(Task brief):
For this task, output exactly the lines of the material below starting at the line with "Traveller Ohrclips - Hänger" and ending at the line with "記者何端端采訪金門縣長李沃士。(李建偉 攝)"; pictures are to be excluded.

(Material for this exercise):
++++++++++
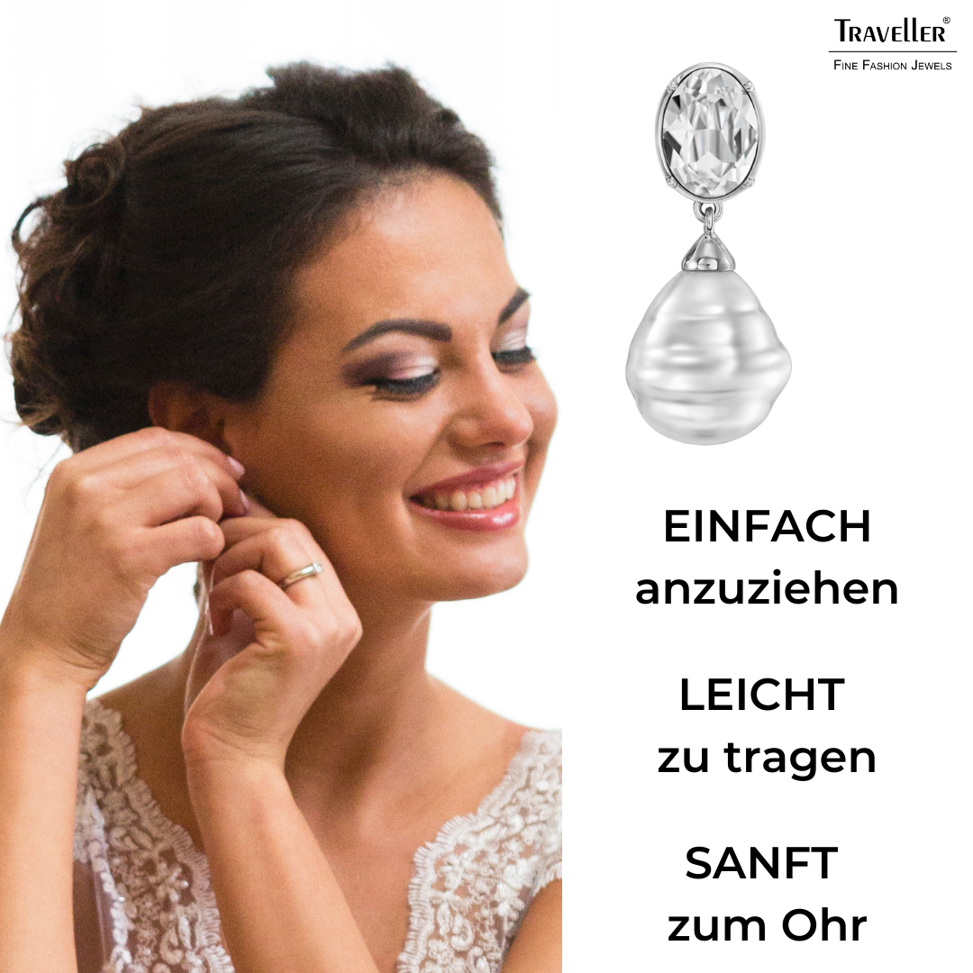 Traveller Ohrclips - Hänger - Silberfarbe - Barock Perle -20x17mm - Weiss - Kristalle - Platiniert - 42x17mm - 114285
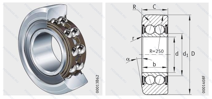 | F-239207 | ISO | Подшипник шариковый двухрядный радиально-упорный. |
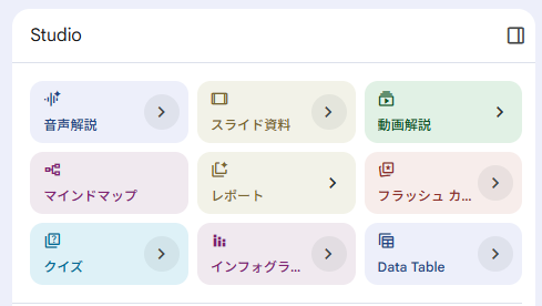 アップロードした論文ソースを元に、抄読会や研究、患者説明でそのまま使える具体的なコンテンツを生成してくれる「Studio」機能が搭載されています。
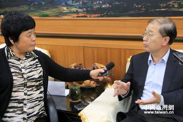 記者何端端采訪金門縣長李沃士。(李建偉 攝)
++++++++++
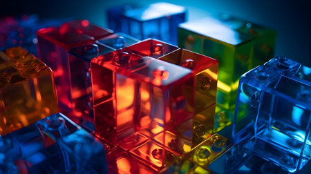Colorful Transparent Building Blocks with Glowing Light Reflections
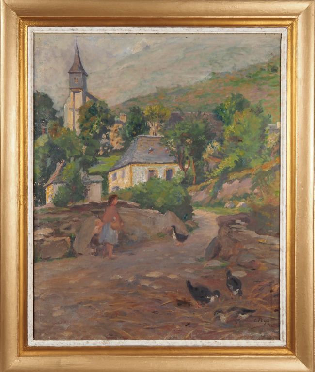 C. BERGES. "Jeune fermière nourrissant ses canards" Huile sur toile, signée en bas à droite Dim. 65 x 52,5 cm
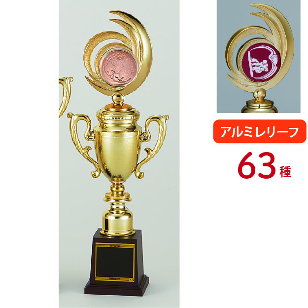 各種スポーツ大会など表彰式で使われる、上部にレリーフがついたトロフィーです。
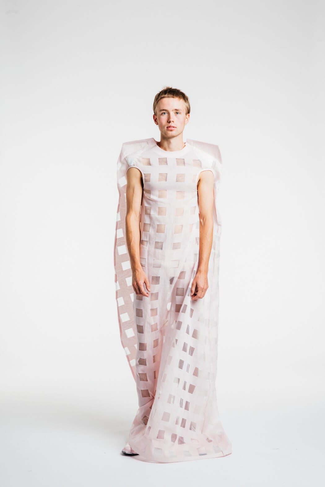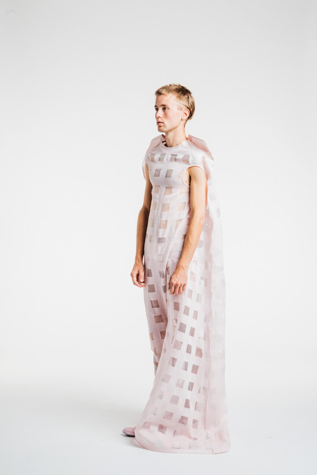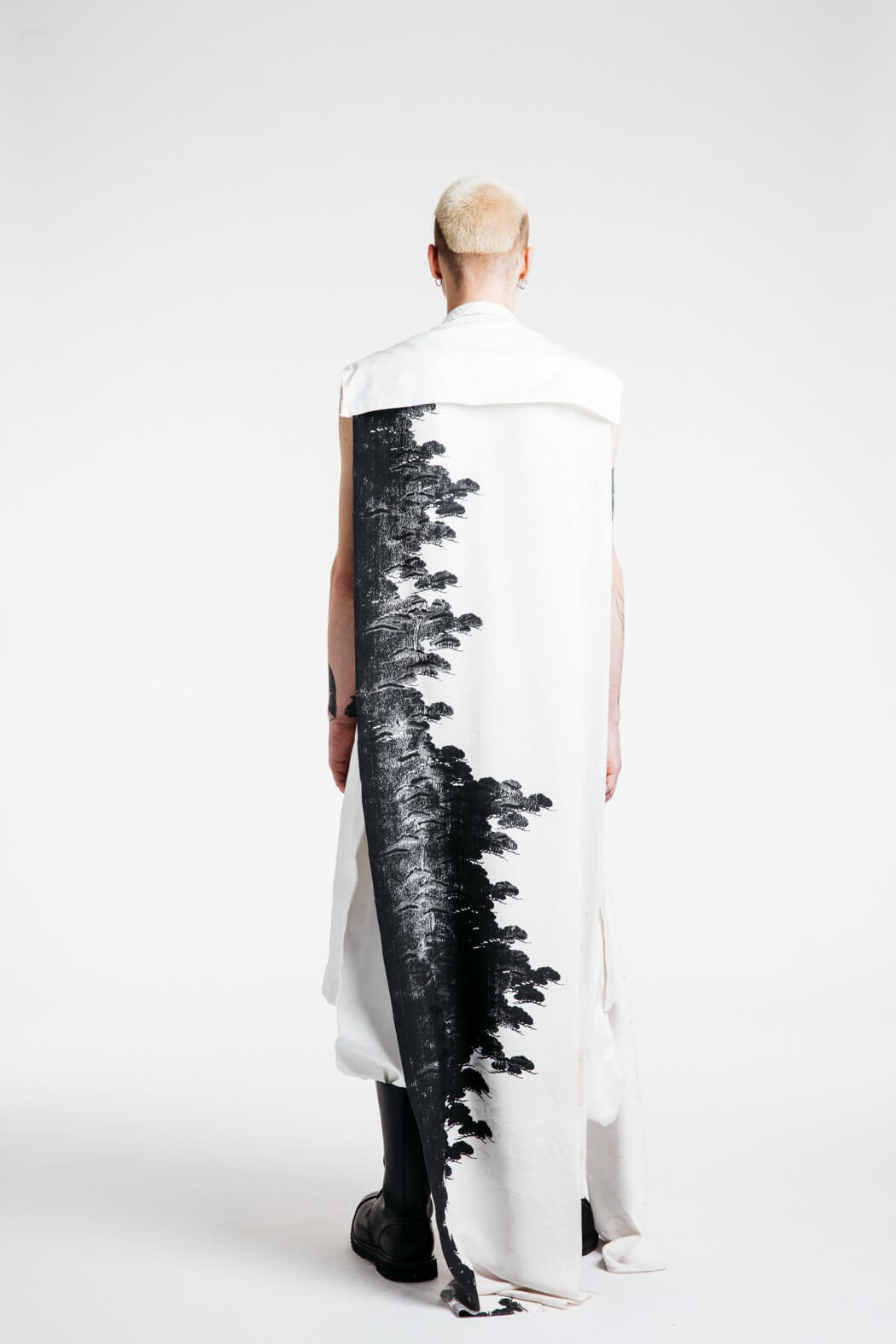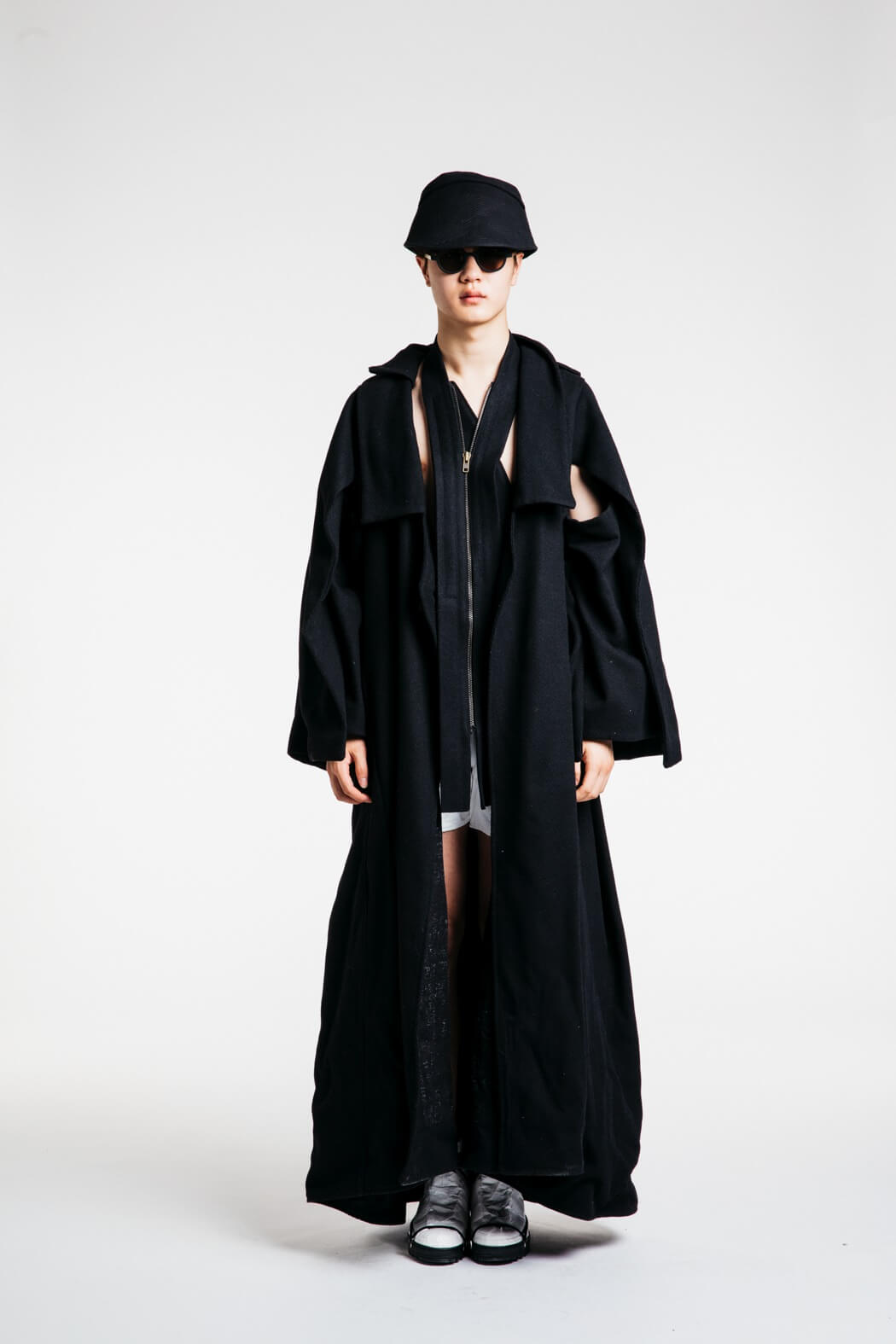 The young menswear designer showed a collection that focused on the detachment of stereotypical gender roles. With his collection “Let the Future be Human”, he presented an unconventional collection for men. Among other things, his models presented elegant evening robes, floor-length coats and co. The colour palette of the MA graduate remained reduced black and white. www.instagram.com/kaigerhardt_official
++++++++++
(Solution to this task):
 Traveller Ohrclips - Hänger - Silberfarbe - Barock Perle -20x17mm - Weiss - Kristalle - Platiniert - 42x17mm - 114285
 | F-239207 | ISO | Подшипник шариковый двухрядный радиально-упорный. |
 アップロードした論文ソースを元に、抄読会や研究、患者説明でそのまま使える具体的なコンテンツを生成してくれる「Studio」機能が搭載されています。
 記者何端端采訪金門縣長李沃士。(李建偉 攝)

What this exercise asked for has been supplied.